Avec Un Nouveau Russe (2001) de Pavel
Lungin, Le Retour, récompensé par le Lion d'or au festival de Venise de
2003, marque le renouveau du cinéma russe au début des années 2000. Ce premier
film frappe par sa rigueur dramatique et sa puissance esthétique.
Le Retour ressemble à un conte, à une légende tant le récit qu’il met en scène est
simple et se base sur un nombre limité de personnages: Andrei et Ivan, deux
jeunes frères vivant dans le Nord de la Russie, sont bouleversés par la
réapparition de leur père qu'ils ne connaissent qu'à travers une photographie
vieille de dix ans.
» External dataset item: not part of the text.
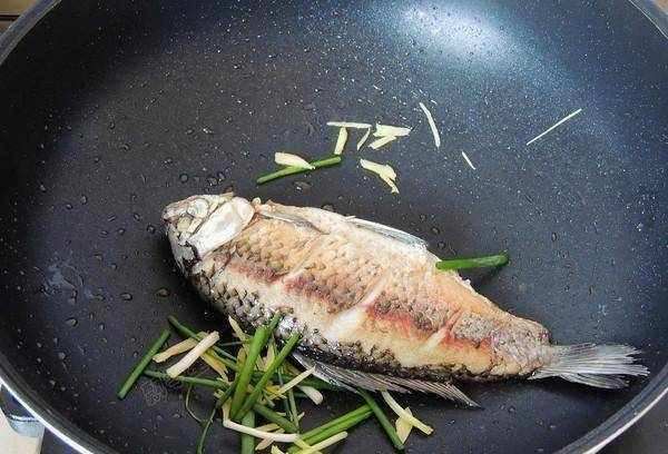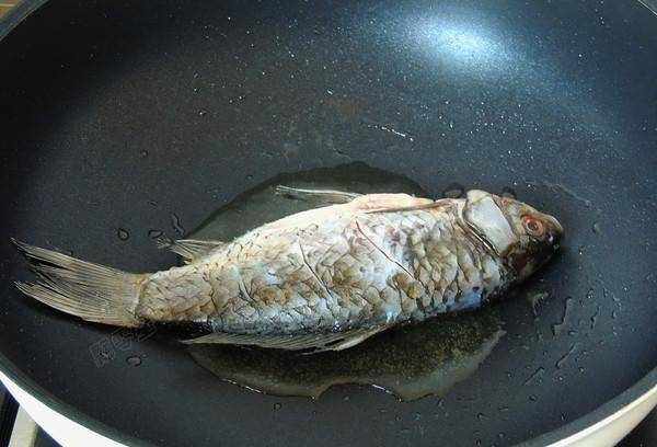 4、不粘鍋燒熱,加入適量食用油,待油熱後,用廚房紙巾將鯽魚表面吸幹,然後放入鍋中。

Le lendemain, l'homme,
énigmatique, propose à ses
enfants de partir en voiture pour une partie de pêche. Le voyage se prolonge
par une étrange virée vers une île abandonnée où le père trouvera
accidentellement la mort.
Le Retour apparait comme un conte moderne et renvoie aux mythes
anciens: le retour de ce père sur une île évoque le retour d'Ulysse à Ithaque dans
L'Odyssée. Quant à la mort du père, causée
indirectement par un de ses fils, elle s'inscrit dans la lignée de la Télégonie, la suite de l'épopée troyenne,
citée directement par le réalisateur dans des interviews, et dans laquelle
Ulysse se fait assassiner par son fils Télégonos, dans un récit aux accents fort
œdipiens. Comme dans le mythe antique, c'est la simplicité de l'histoire qui
permet la multitude d'interprétations et qui permet à l'œuvre d'accéder à l'universalité.
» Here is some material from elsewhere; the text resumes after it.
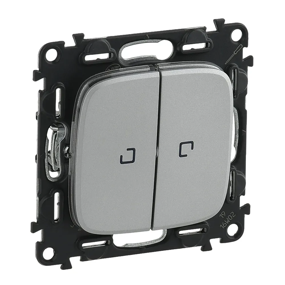 752908 Valena ALLURE. Переключатель двухклавишный 10А 250В с лицевой панелью. Безвинтовые зажимы. Алюминий Legrand

Car privilégiant le mystère, Le Retour ne donne
aucune explication rationnelle quant à l'identité véritable du père, personnage taciturne
et autoritaire qui conserve son aura et son mystère. Lorsque les deux enfants l'aperçoivent pour la première fois, il apparaît
hirsute, endormi et allongé de dos sur un lit, évoquant ainsi une peinture du Christ
ou d'un martyre. Commandant ses enfants sur la barque qui les emmène à l'île,
le père, affublé d'un manteau à capuche, rappelle un moine inquisiteur ou Charon
sur le Styx. Le père est-il un saint ou un fantôme ? Qu'en est-il du trésor
caché qu'il déterre sur l'île ? L'épave du grand bateau au bord de l'île
n'est-il pas un vestige de l'ère soviétique ? Le récit s’ouvre alors à
l’interprétation politique : la Russie d’aujourd’hui tue-t-elle ses
ainés ? Le trésor, n’est-ce pas une prospérité rêvée, illusoire ?
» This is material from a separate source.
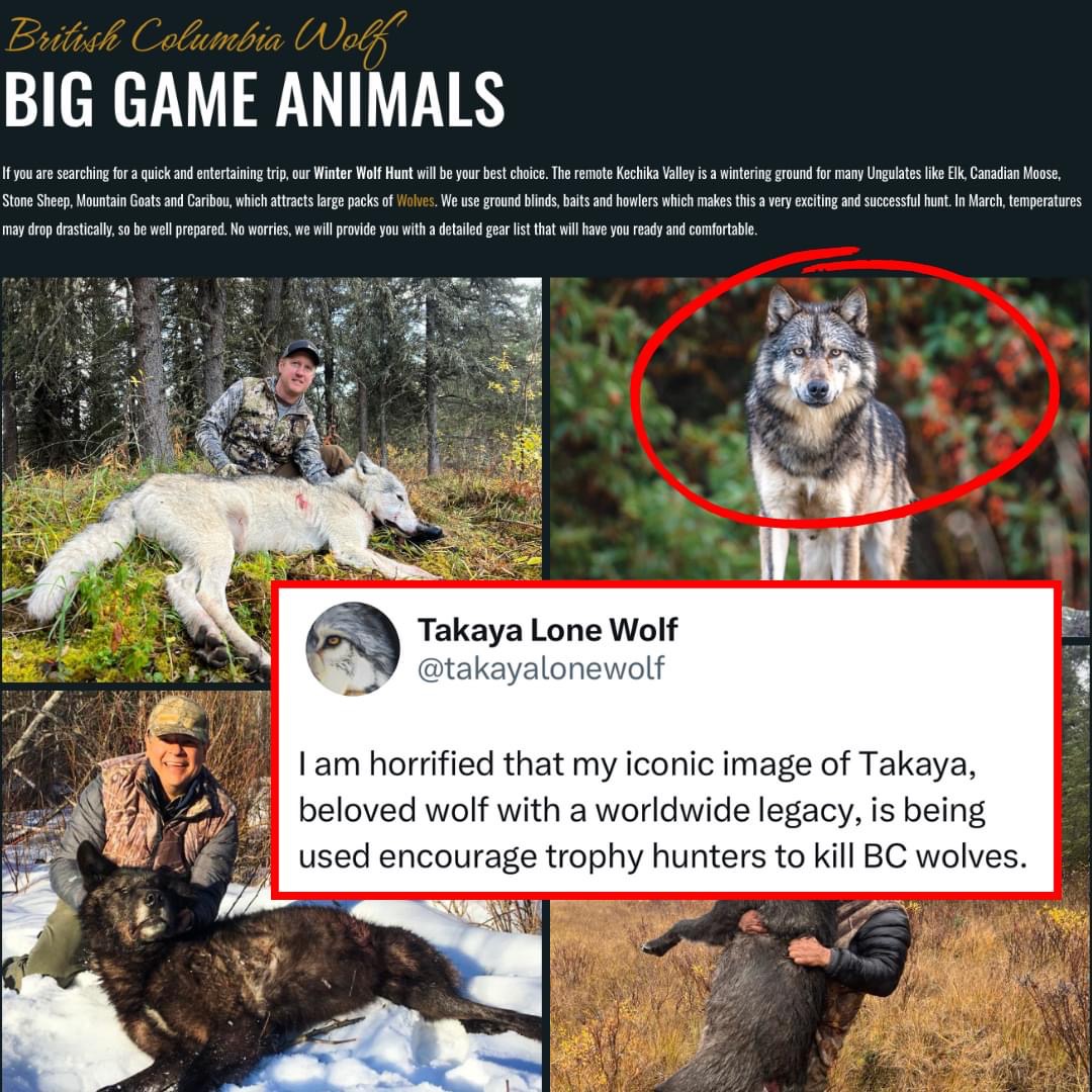 The most recent grievance for Alexander, and those who followed the Takaya story, was the use of an image she took of the wolf on a BC-based trophy hunting guide’s website.

Le Retour peut également être appréhendé sous un autre angle:
tout en doutant du lien de paternité, les enfants vont apprendre la dureté du
voyage et de la vie au côté de leur prétendu père. Ivan, l'enfant le plus
méfiant vis-à-vis du père, refuse de l'appeler papa jusqu'à ce que, finalement,
la barque qui porte son cadavre commence à couler. Ce père n'était peut-être
pas le leur mais le chemin parcouru ensemble a sûrement soudé les liens qui les
unissaient. On pourrait donc concevoir Le
Retour comme un récit d'apprentissage ou comme un road-movie.
Entretenant
le secret et privilégiant la contemplation devant les paysages naturels
splendides de la Russie, Le Retour semble
marcher sur les pas du cinéma métaphysique et méditatif de Tarkovski. Après Le Retour, Zviaguintsev a réalisé deux films qui ont été salués par les critiques
occidentaux lors des festivals.
06.09.13.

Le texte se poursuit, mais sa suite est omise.